#### REQUIRED WORK:
Write out the listing below in full and exactly, leaving out every picture.

#### DATA EXTRACT:
========================================================================

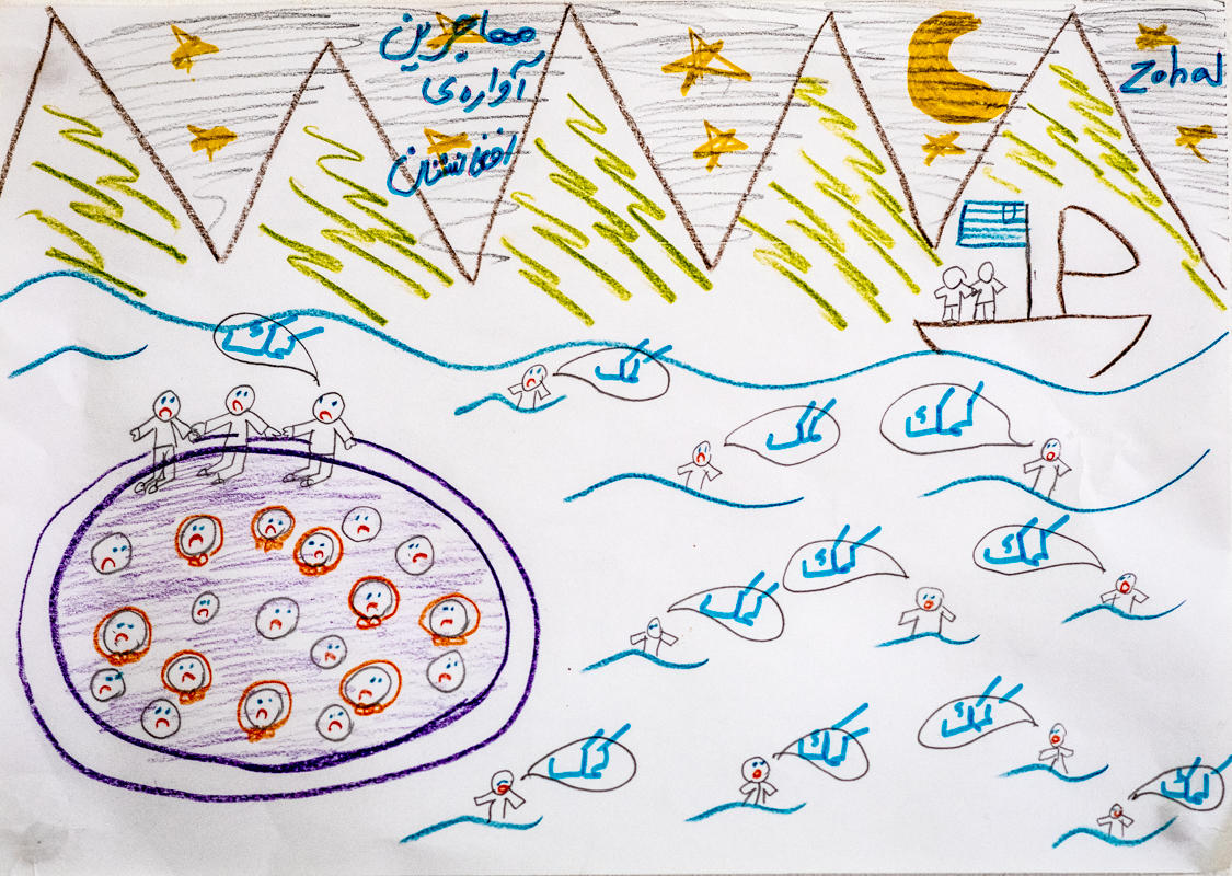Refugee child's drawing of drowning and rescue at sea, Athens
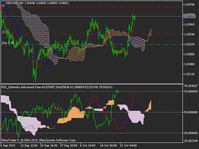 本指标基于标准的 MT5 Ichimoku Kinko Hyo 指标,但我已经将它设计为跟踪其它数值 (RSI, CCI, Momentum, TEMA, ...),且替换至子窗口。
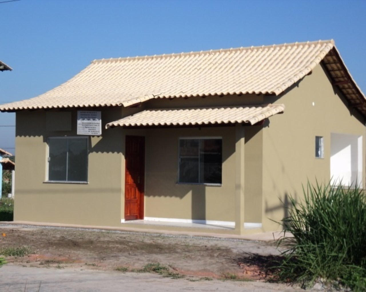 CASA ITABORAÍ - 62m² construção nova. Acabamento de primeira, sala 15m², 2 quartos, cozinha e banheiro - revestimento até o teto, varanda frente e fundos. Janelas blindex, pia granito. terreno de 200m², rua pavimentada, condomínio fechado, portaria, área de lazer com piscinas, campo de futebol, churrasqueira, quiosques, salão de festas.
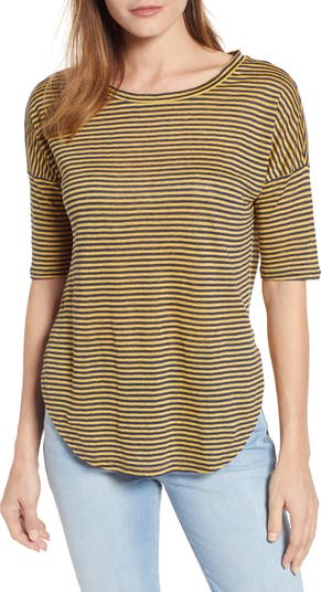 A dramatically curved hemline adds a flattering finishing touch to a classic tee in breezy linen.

========================================================================

#### EXERCISE SOLUTION:
Refugee child's drawing of drowning and rescue at sea, Athens
 本指标基于标准的 MT5 Ichimoku Kinko Hyo 指标,但我已经将它设计为跟踪其它数值 (RSI, CCI, Momentum, TEMA, ...),且替换至子窗口。
 CASA ITABORAÍ - 62m² construção nova. Acabamento de primeira, sala 15m², 2 quartos, cozinha e banheiro - revestimento até o teto, varanda frente e fundos. Janelas blindex, pia granito. terreno de 200m², rua pavimentada, condomínio fechado, portaria, área de lazer com piscinas, campo de futebol, churrasqueira, quiosques, salão de festas.
 A dramatically curved hemline adds a flattering finishing touch to a classic tee in breezy linen.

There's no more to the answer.